During my term as DHHS Inspector General (IG), I instituted what is now the List of Excluded Individuals and Entities (LEIE). Health care organizations and their Compliance Officers know that they must screen employees against the LEIE. The Office of Inspector General (OIG) calls for it in its various compliance guidance documents; and the Centers for Medicare & Medicaid Services (CMS) makes it a condition of participation and enrollment. What many do not fully understand is how these sanctions come about and the types of OIG Administrative Sanction authorities and actions that are referred to the LEIE. There are quite a number annually that are added. For example, last year the OIG imposed exclusions against 3,131 individuals and entities, including 1,199 for criminal convictions related to health care programs; 212 for patient abuse or neglect; and 1,463 based on loss or revocation of a license.

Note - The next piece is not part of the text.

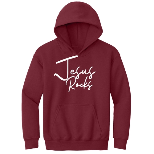 Youth long sleeve hoodie with Jesus Rocks print, featuring a drawstring neckline and durable fabric.

This article speaks to the sanction authorities granted to the OIG. The beginning was in 1977, when Congress first mandated the exclusion from program participation of a physician or other practitioner who had been convicted of a criminal offense related to participation in either Medicare or Medicaid. The stated purpose was to protect federal health care programs and beneficiaries from providers, suppliers, and others who engaged in specified misconduct. The enforcement authorities were delegated to the OIG to impose Civil Monetary Penalties (CMPs), assessments, and program exclusions on health care providers and others determined to have engaged in defined wrongdoing. The effect of an OIG exclusion is that no payment may be made for any items or services furnished by an excluded individual or entity, or directed or prescribed by an excluded physician.
During my eleven year tenure as IG, the administrative sanction authorities rose to seventeen to address additional types of misconduct. Today, there are many types of improper activities that may serve as the basis for either a “mandatory” or “discretionary” exclusion from participation in federal health care programs. Mandatory exclusion is required where an entity or individual is convicted of a criminal offense related to Medicare or a state health care program or related to neglect or abuse of patients. Discretionary exclusion is for other types of misconduct, such as license revocation or suspension, exclusion or suspension from another Federal or State health care program, provision of unnecessary or substandard services, fraud or kickbacks, and default on a health education loan.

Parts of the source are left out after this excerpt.